§ **What is required**
Each record needs to be transcribed word for word, though without its pictures.

§ **Source material**
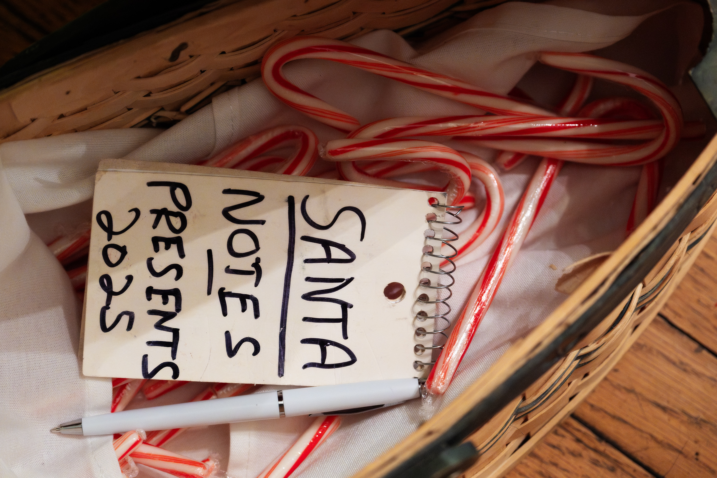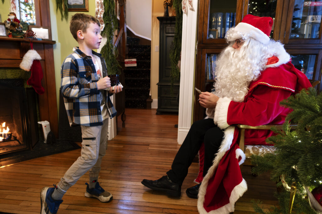 Rhoads spent most of the evening seated next to the Christmas tree in the 19th-century house that is now a bed and breakfast. A red hat, a wide black belt and a small notebook labeled “Santa Notes” completed his outfit. It was Mark Rhoads’ first time as Santa Claus. And Llewyn Newberry was the first child to talk to this first-time Santa.
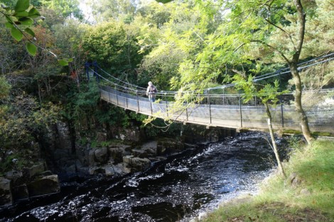 A 150 year old suspension bridge crossed the river to some recommended tea rooms for a good coffee and poor cakes for morning tea. Lots of info and signs and a bird feeder strategically placed outside a window, with about a dozen species haggling over the food. We learned that the word force for waterfall came from the Nordic term of Foss.
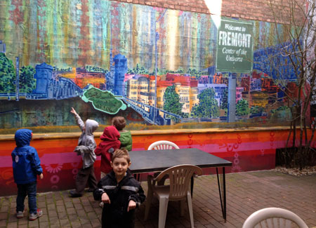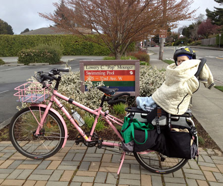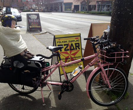 This was our first big day out with the new Hebie kickstand. It’s high! It works great, but we’re all getting used to how high it props the front wheel. And I should point out that unless on have a cargo bike with Rolling Jackass center stand or similar, you should not leave your kids on the bike–even for quick pictures. While my bike has never toppled over during the shooting of a photo, I have dropped it before, and it’s not fun to have to pick back up (for any of us).
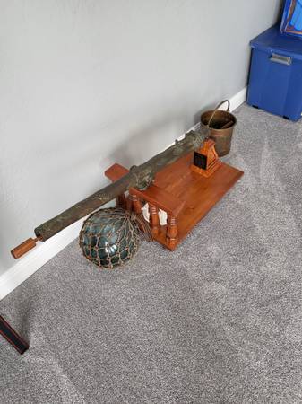 17th century bronze ships swivel cannon with custom stand 48" x 16" overall with cannon. The cannon is nicely engraved and has a one and a quarter inch bore. The barrel is 42" long and 5" diameter at the widest part. This and other items are located in Litchfield, Az. The price is $ 2500. I do not deliver or ship and take cash only no trades, Thank you for your interest.
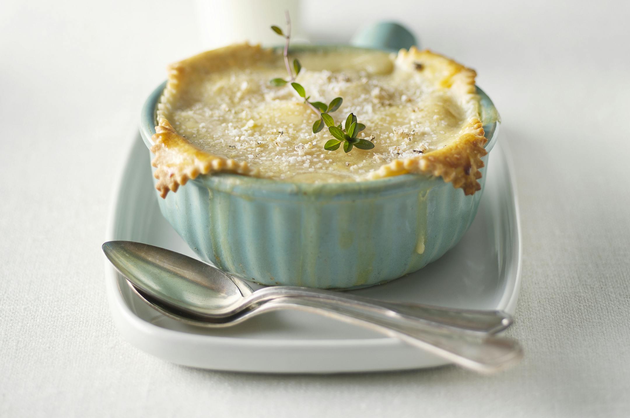 Something starchy. A short pie-pastry crust, flaky puff pastry (from the freezer aisle is fine), rolled or cutout biscuits, or plain-old dumpling dough will do the trick. I'm not a fan of crust-lined pies; it's too much dough. I think a good topper pastry or biscuit is nicest, but it depends on your preference. And there's always the option of a creamy mound of mashed potato — russet or sweet — as a topper.

§ **Response**
 Rhoads spent most of the evening seated next to the Christmas tree in the 19th-century house that is now a bed and breakfast. A red hat, a wide black belt and a small notebook labeled “Santa Notes” completed his outfit. It was Mark Rhoads’ first time as Santa Claus. And Llewyn Newberry was the first child to talk to this first-time Santa.
 A 150 year old suspension bridge crossed the river to some recommended tea rooms for a good coffee and poor cakes for morning tea. Lots of info and signs and a bird feeder strategically placed outside a window, with about a dozen species haggling over the food. We learned that the word force for waterfall came from the Nordic term of Foss.
 This was our first big day out with the new Hebie kickstand. It’s high! It works great, but we’re all getting used to how high it props the front wheel. And I should point out that unless on have a cargo bike with Rolling Jackass center stand or similar, you should not leave your kids on the bike–even for quick pictures. While my bike has never toppled over during the shooting of a photo, I have dropped it before, and it’s not fun to have to pick back up (for any of us).
 17th century bronze ships swivel cannon with custom stand 48" x 16" overall with cannon. The cannon is nicely engraved and has a one and a quarter inch bore. The barrel is 42" long and 5" diameter at the widest part. This and other items are located in Litchfield, Az. The price is $ 2500. I do not deliver or ship and take cash only no trades, Thank you for your interest.
 Something starchy. A short pie-pastry crust, flaky puff pastry (from the freezer aisle is fine), rolled or cutout biscuits, or plain-old dumpling dough will do the trick. I'm not a fan of crust-lined pies; it's too much dough. I think a good topper pastry or biscuit is nicest, but it depends on your preference. And there's always the option of a creamy mound of mashed potato — russet or sweet — as a topper.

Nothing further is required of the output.